Nice! Wish they had done some additional work on the UI color scheme options and waveform display. And some articulation switching mechanism (like expression maps).


----------



## muziksculp (Aug 25, 2016)

5Lives said:


> Nice! Wish they had done some additional work on the UI color scheme options and waveform display. And some articulation switching mechanism (like expression maps).



I agree, I think this 3.3 update was mostly focused on the Notion 6 Integration with Studio one 3. 

I'm guessing the next S1 update v 3.5 might focus more on these types of features. 

So far, they have done a wonderful job with the new features added in version 3.3 ! I don't have Notion, so this might be a good time to add Notion 6


----------



## muziksculp (Aug 25, 2016)

Here is a good video overview of the new features in Studio One v 3.3 version


----------



## 5Lives (Aug 25, 2016)

Apparently Notion is just $50 right now for S1 Pro owners. Have no upgraded my Sibelius First license due to Avid's high pricing schemes (and I've basically stopped using Pro Tools).


----------



## lucor (Aug 25, 2016)

Notion integration AND disable tracks? Man, if Cubase/Steinberg doesn't come up with something incredible in their 9.0 update I might be gone for good.


----------



## muziksculp (Aug 25, 2016)

5Lives said:


> Apparently Notion is just $50 right now for S1 Pro owners. Have no upgraded my Sibelius First license due to Avid's high pricing schemes (and I've basically stopped using Pro Tools).
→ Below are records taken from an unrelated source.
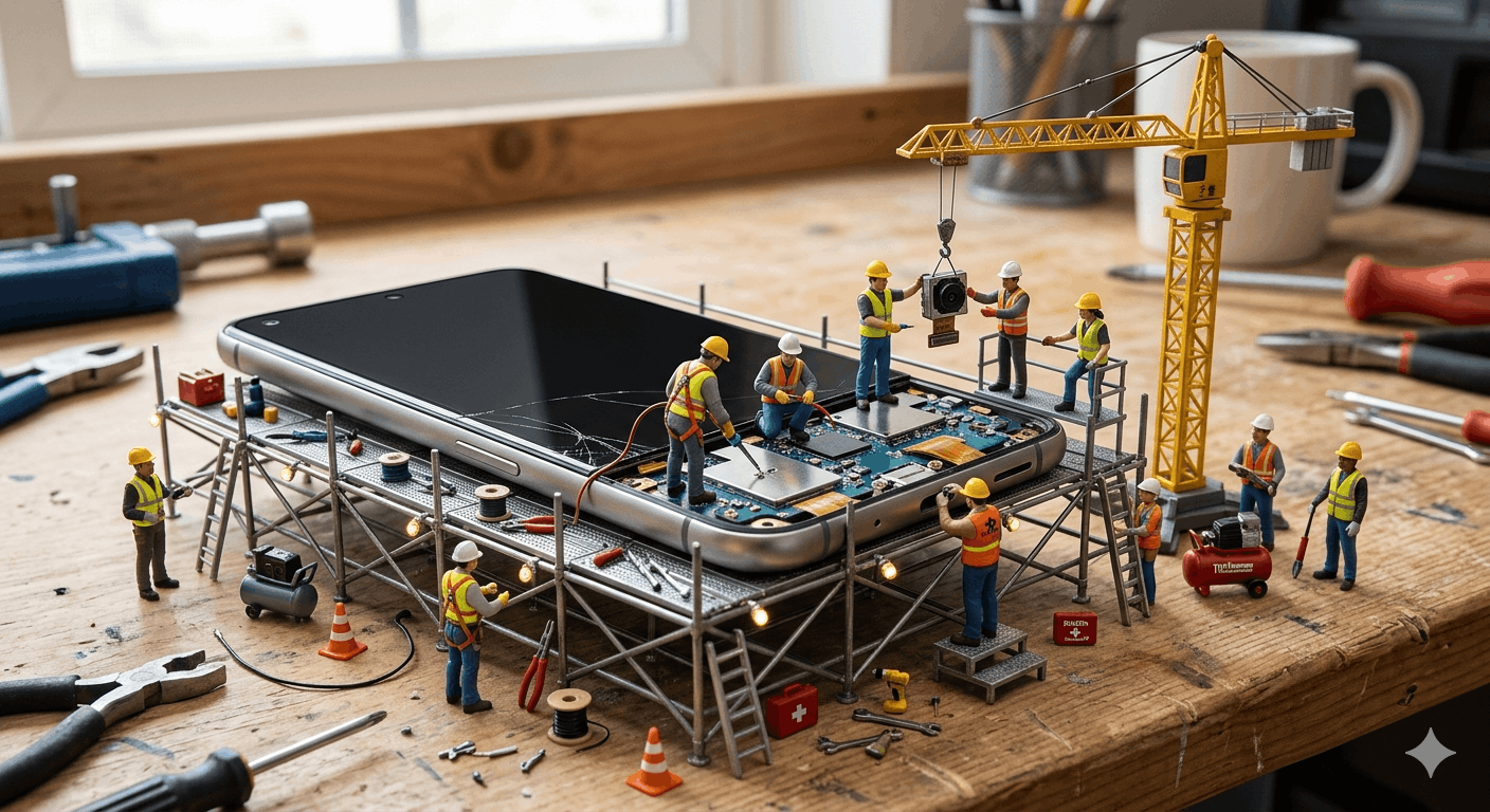 Create a realistic miniature scene of tiny construction workers repairing a smartphone. Include cranes, tools, and safety gear. Use natural lighting and detailed textures. Maintain believable scale and perspective.
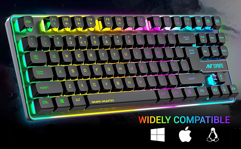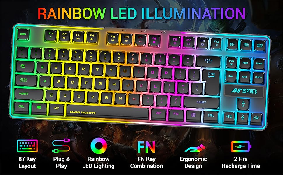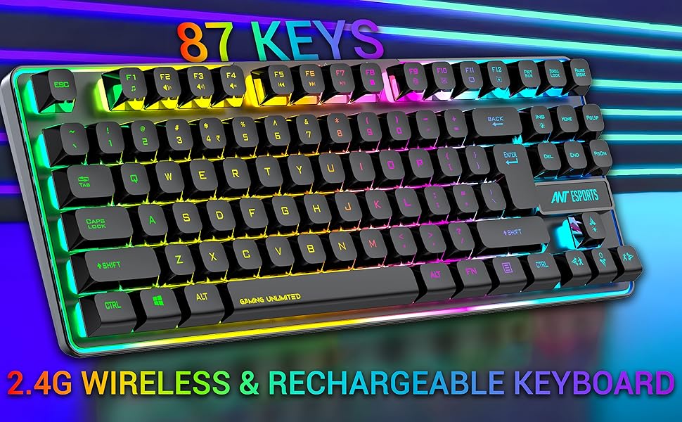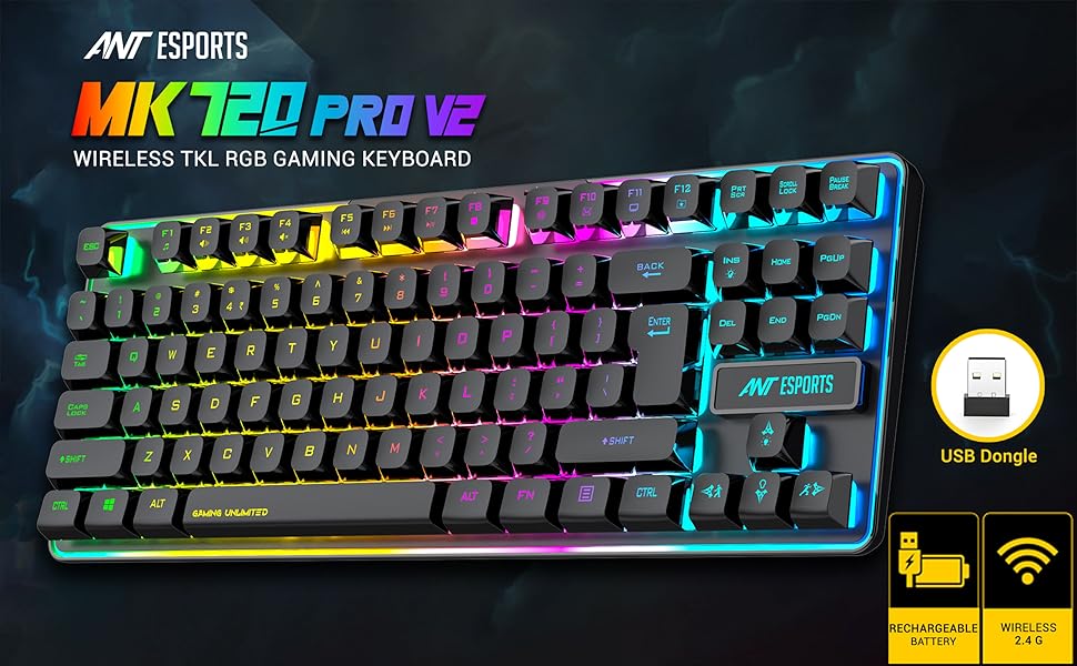 Ant Esports MK720 Pro V2 Wireless TKL RGB Gaming Membrane Keyboard, Backlit Wireless – Long Lasting Rechargeable Battery – Quite Water-Resistant Ergonomics Keyboard – PC PS5 PS4 Xbox One Mac – Black
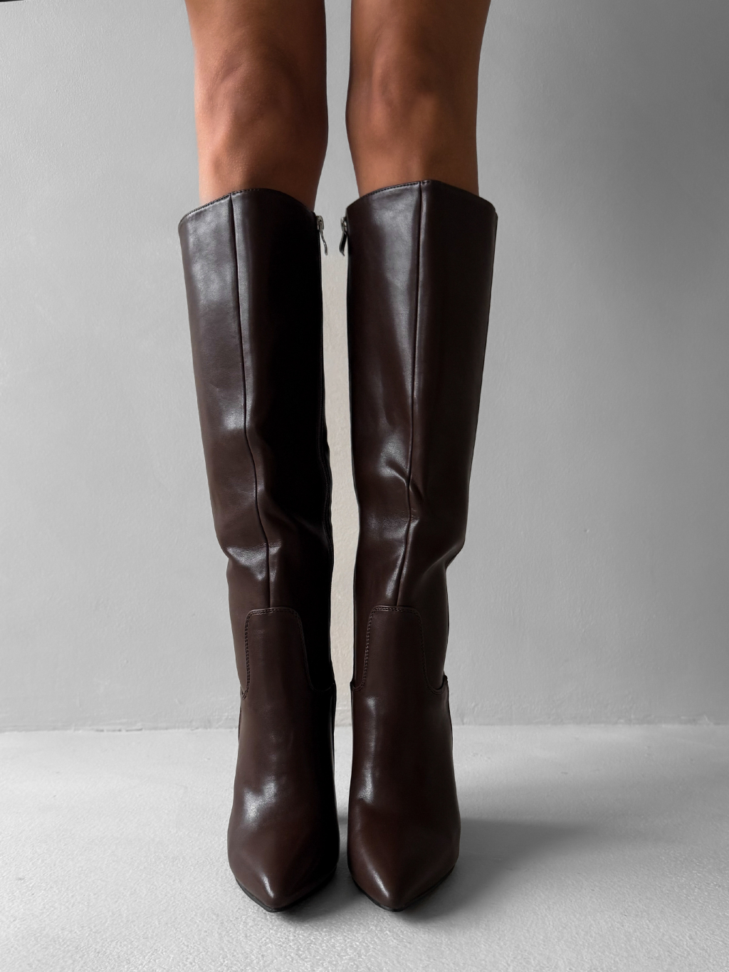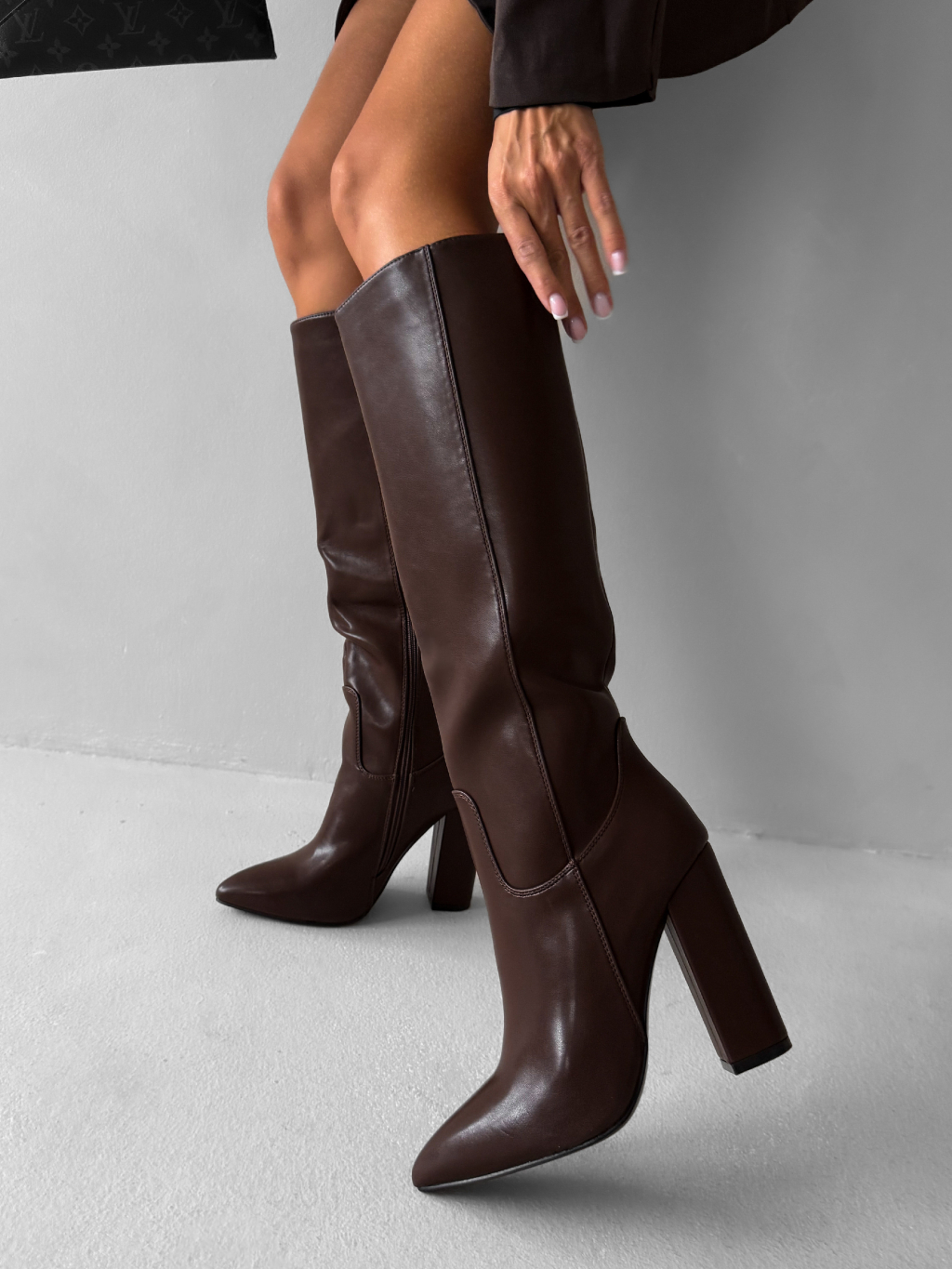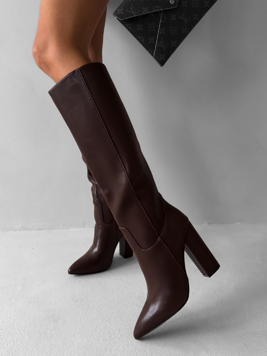 Hnědé koženkové vysoké kozačky ZYNTRA na podpatku
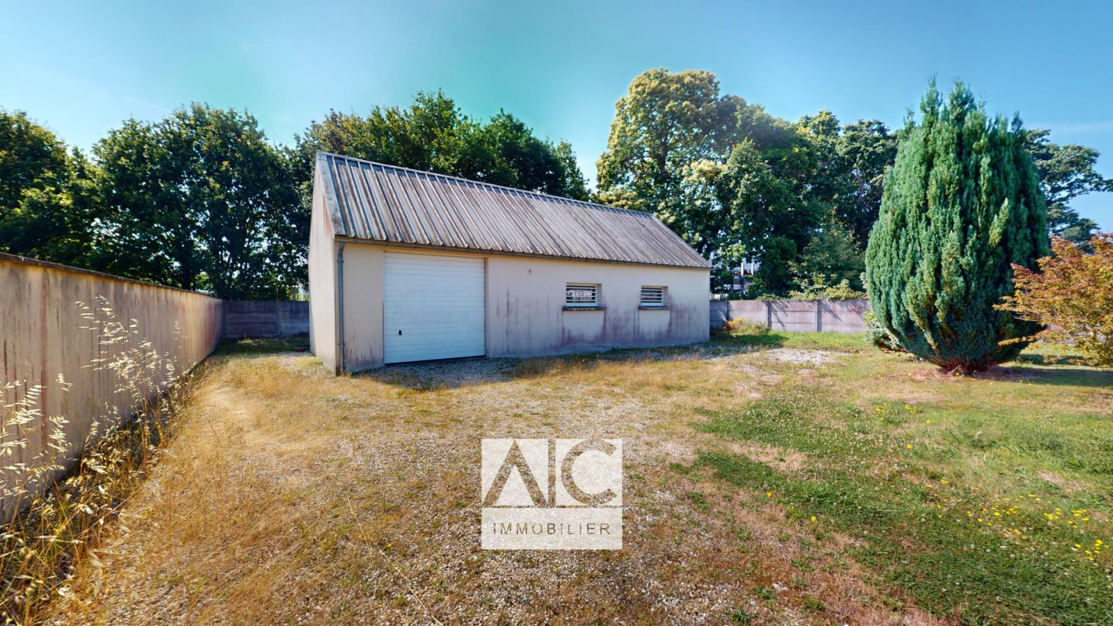 EXTÉRIEUR : Terrain clôturé de 1412m2 / Dépendance maçonnée de 80m2 avec étage et sa porte sectionnelle (hauteur 2,80m)

Is *Notion 6* $50. for an Upgrade from previous Notion versions ? or valid for any S1 Pro 3 Owner ? Where is it showing this info. ? 

I don't have Notion, but own S1 Pro v3 . I see Notion 6 priced at $149.95 at the Presonus Store.


----------



## MarcelM (Aug 25, 2016)

i might be wrong, but i think also the performance is much better now. only played with the update a few minutes though.

the new features are awesome, and i hope they will come up with a chord track aswell.


----------



## Mucusman (Aug 25, 2016)

muziksculp said:


> Is *Notion 6* $50. for an Upgrade from previous Notion versions ? or valid for any S1 Pro 3 Owner ? Where is it showing this info. ?
> 
> I don't have Notion, but own S1 Pro v3 . I see Notion 6 priced at $149.95 at the Presonus Store.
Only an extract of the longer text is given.